The first thing you notice is the footer. A single line at the bottom of every assistant response, barely visible, shows you what model handled the turn and the regime classification for what just happened. It is not a warning. It is not a nag. It is a quality receipt.

— brain | DeepSeek | v4-flash -> RFNE | $198.93 saved | VibeUltraX . Quality >>> | guarded | _

When you write code, the system routes implementation work to cheaper tiers automatically if the brain is reserved for strategy. You never see a block screen. You never get a cost warning interrupting your flow. The enforcement happens transparently -- the work gets done, just on the right tier.

The VibeBoX decision engine watches how you work. Are you exploring a new codebase? It keeps the cheap model active and stays out of your way. Are you converging on a solution? It quietly upgrades to full quality mode with strict enforcement. Are you stuck in a loop fixing the same test? It detects the frustration pattern and escalates before you ask. You never configure any of this. It just adapts.

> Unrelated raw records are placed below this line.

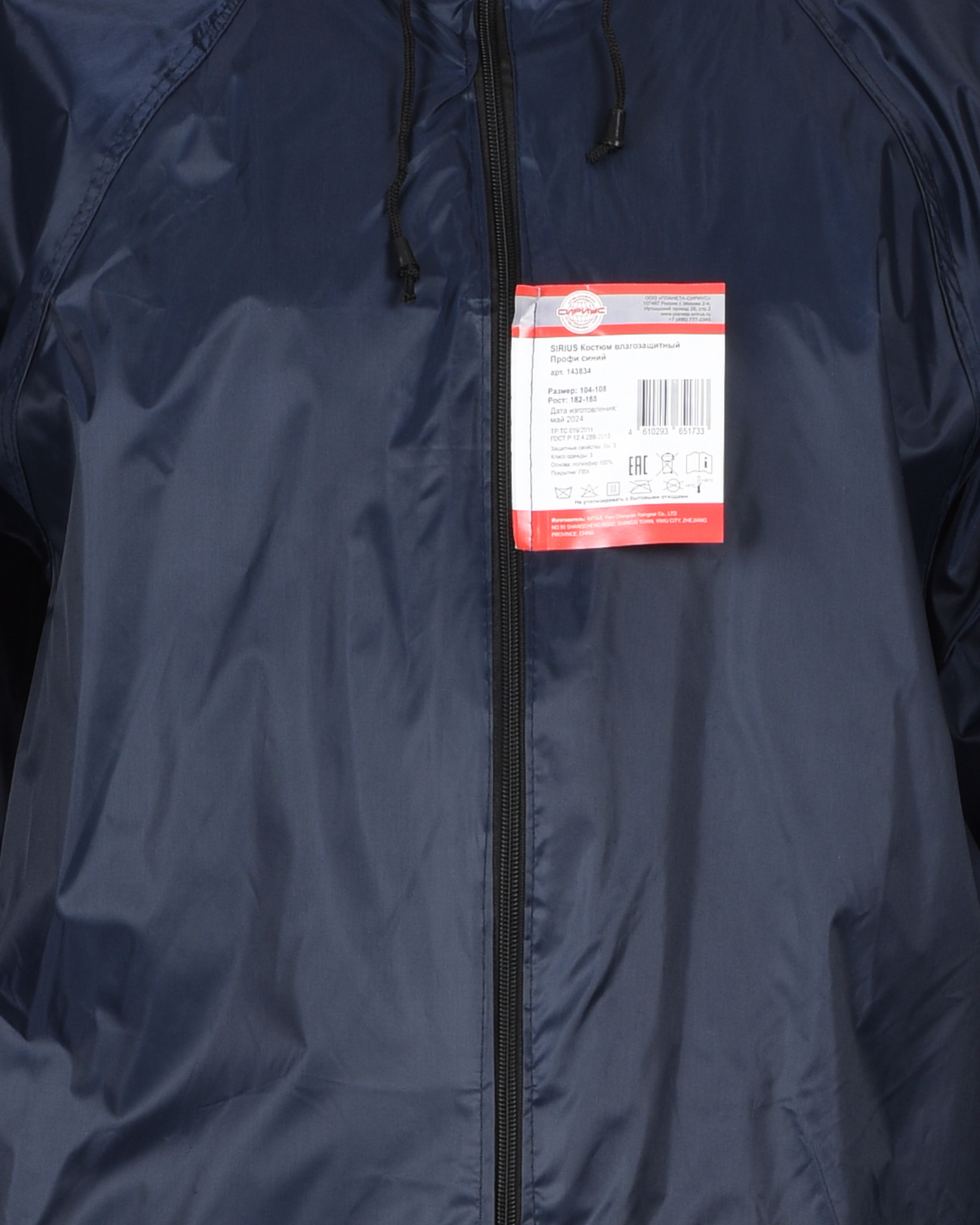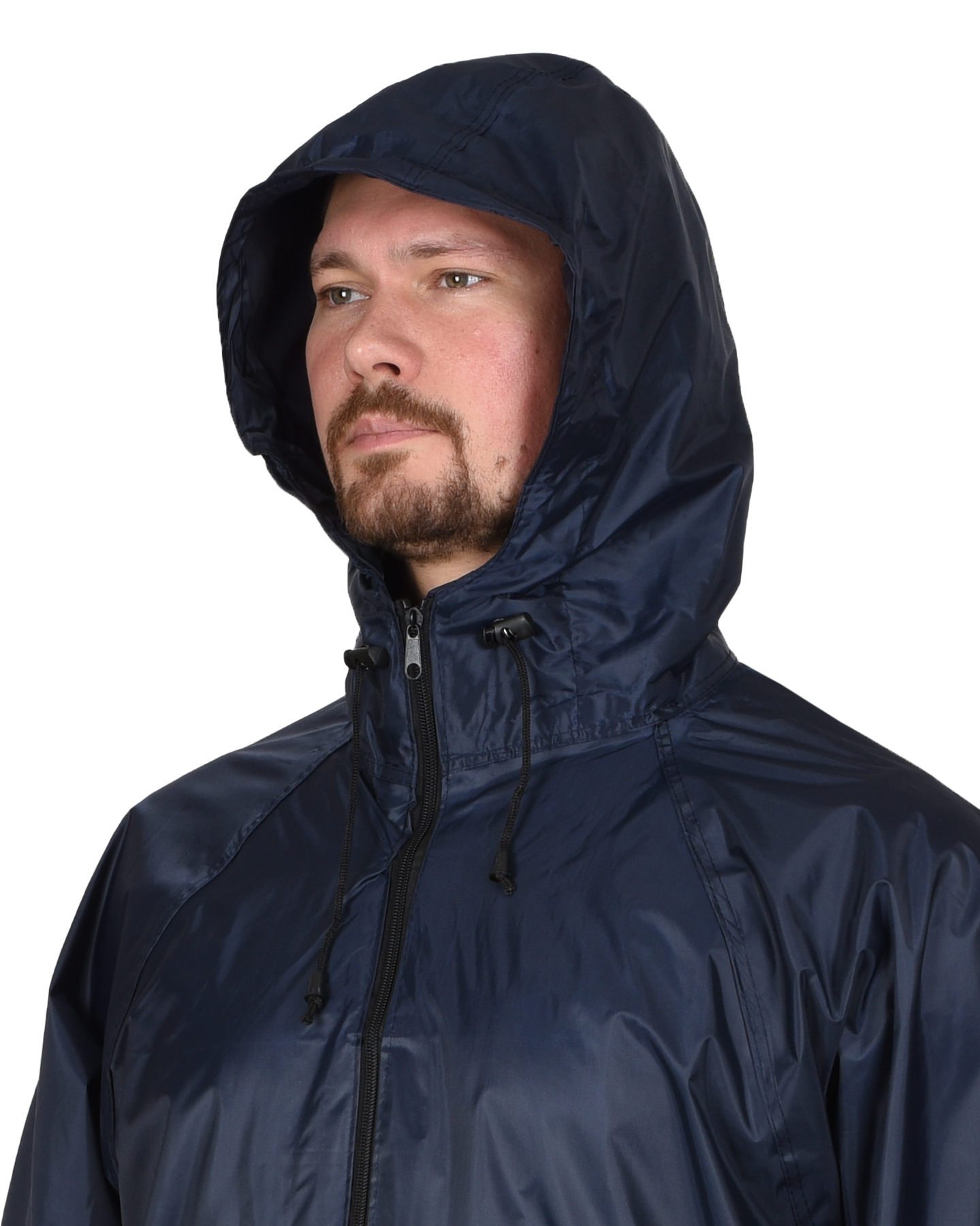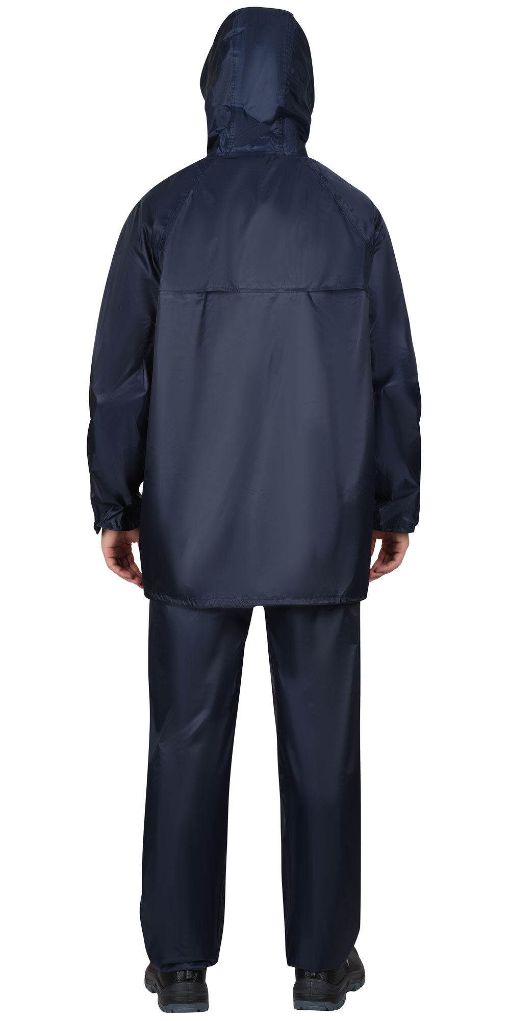 Костюм состоит из куртки и брюк. Куртка имеет два накладных кармана с клапанами. Центральная застежка на молнию со скрытой внутренней ветровой планкой. Все швы прошиты и склеены. Каждый костюм упакован в отдельный прозрачный пакет. Ткань: 190Т полиэфирная тафетта с ПВХ, 225 гр/м2, 2 кармана размер 20см*20см, передняя часть капюшона регулируется шнуром с фиксаторами.
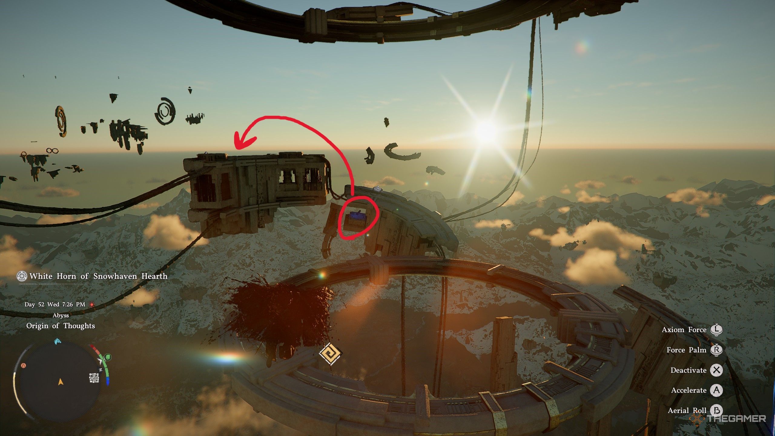 Когда вы выровняете три вращающихся круга с фиксированными точками в верхнем левом углу, они засветятся синим, и камера автоматически изменит перспективу. Затем прыгните сквозь светящееся кольцо и упадите на самый нижний уровень Origin of Thoughts. Внизу вы увидите небольшой, светящийся круглый переключатель. Присядьте и нажмите кнопку R3, чтобы активировать его с помощью Force Palm.
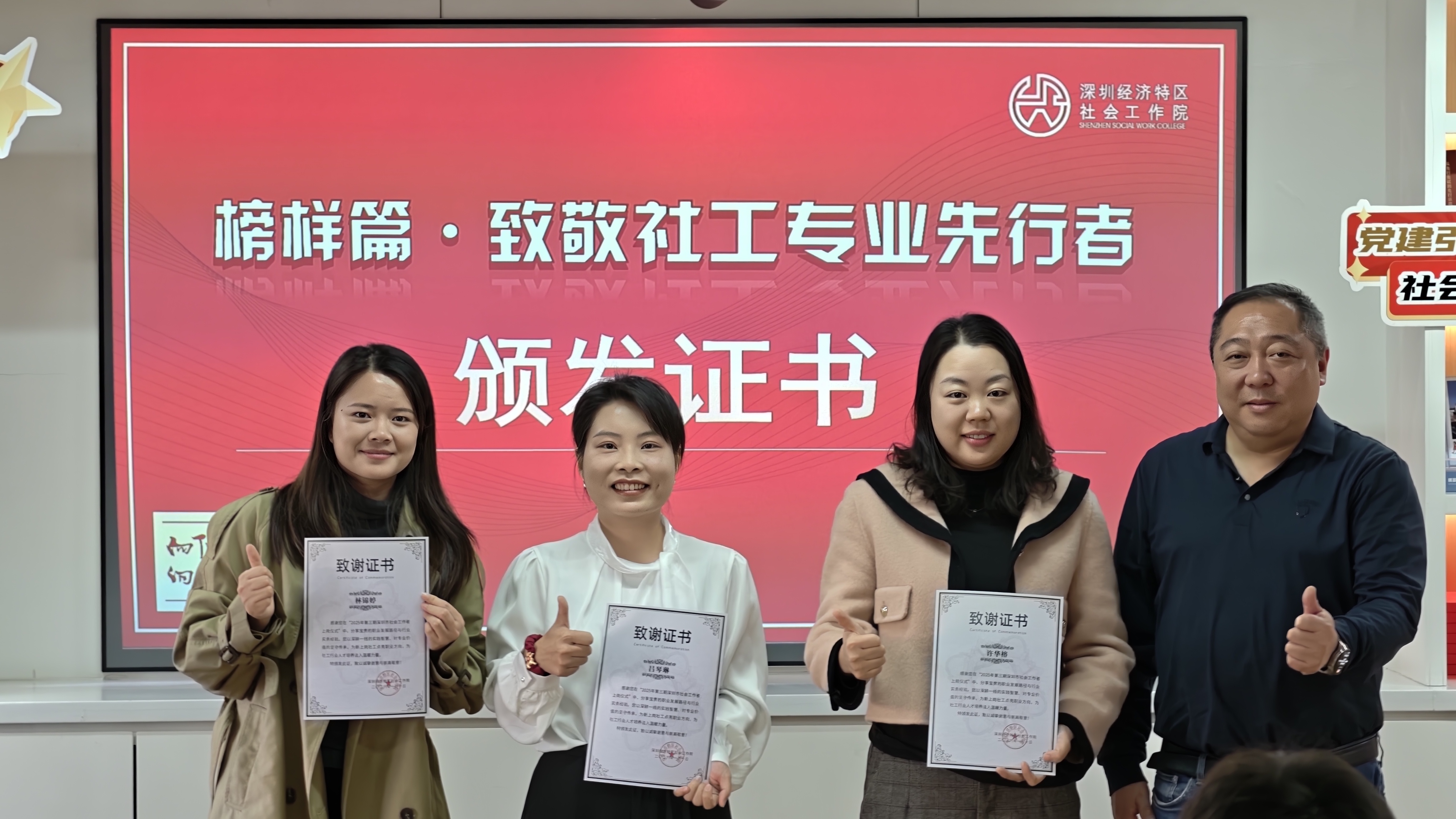 一张张证书见证着成长与蜕变,也标志着职业社工生涯迈入新的阶段。愿各位新社工以今日为起点,怀揣专业知识与赤诚之心,扎根基层、服务群众,用行动诠释“助人自助”的社工精神,在社会工作的广阔天地中发光发热,为深圳社会工作高质量发展添砖加瓦,共同书写社会和谐进步的美好篇章!
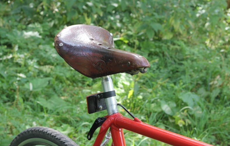 И тут моя посадка сильно изменилась. Я снова увидел переднюю втулку :). Седло сдвинуто максимально назад, но его хочется сдвинуть еще, я как-то сильно приблизился к рулю, кисти рук стало ломить из-за непривычного хвата и/или распределения веса. Если оставлять это седло, возможно придется вынос менять на более длинный или искать подсидел со смещением назад. Покатушка была недолгой, поэтому моя ...опа еще не решила нравится ей это седло или нет. Первые ощущения неплохие. Не смотря на то что седло разношено чей-то чужой ...опой. Реставрация и восстановление формы может быть будет в межсезонье.
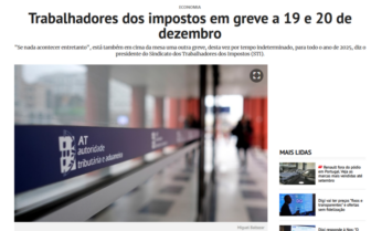 JORNAL DE NEGÓCIOS | Trabalhadores dos impostos em greve a 19 e 20 de dezembro

The stress detector reads your messages for signs of frustration -- repeated failures, urgency, abrupt tone. When it senses stress above a threshold, it upgrades your model tier automatically. You get the best possible assistance while you are in the weeds, and you never had to ask.

The lie detector flags when the assistant claims success without evidence. The laziness detector catches short outputs, TODO placeholders, and skipped delegation on brain tier. The reward engine gamifies quality with XP credits for good outcomes and penalties for bad ones. You forget vibeOS is even running. That is the point.

The Cascade Engine

vibeOS uses a three-tier cascade to route every turn through the cheapest model that can produce a quality result.

How It Works

Cheap proposal -- Your configured cheap slot generates an initial response (e.g., a local Ollama model via vibe set cheap magiccoder:7b, or any API model).
Flash review -- A mid-tier model (DeepSeek v4 Flash) critiques and refines the proposal.
Pro polish -- The brain-tier model (DeepSeek v4 Pro) applies a final quality pass on complex sections.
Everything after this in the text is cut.